Volcano eruption in Colombia sends ash into sky, frightens residents

A volcano eruption in southwest Colombia sent smoke and ash into the sky Thursday and raised concerns for the safety of neighboring villagers, officials said.

Police and emergency officials were placed on high alert after the 4,276-meter Galeras volcano became active at dawn Thursday and dumped heaps of ash on the city of Pasto, 20 kilometers away.

"It was a brief eruption of ash for 30 minutes that was not preceded by a temblor inside the volcano," said Marta Lucia Calvache of Colombia's Volcanology Institute. "But there is still a thin plume of ash leaving the crater, and we can't rule out the possibility of further eruptions."

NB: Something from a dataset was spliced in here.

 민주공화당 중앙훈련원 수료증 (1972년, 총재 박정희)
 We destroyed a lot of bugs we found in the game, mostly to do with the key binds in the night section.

The government this month ordered the preventive evacuation of thousands of people living in the shadow of the volcano amid signs of an imminent eruption. But many farmers are believed to have defied the order and stayed behind, fearful of losing their livelihoods by leaving their crops unattended.

Calvache urged any families who remain in a wide area surrounding the volcano to leave immediately and seek medical treatment if they have trouble breathing.

Schools and many offices in Pasto were closed for the day.

The Galeras has a long history of activity, fraying nerves in Pasto. More than 100 minor tremors were felt in the city during the volcano's last major eruption, in April 2002, though no damage or injury was reported.

A 1993 eruption killed nine people, including five scientists from around the globe who had descended into the crater to sample gases at the moment it blew, the AP reports.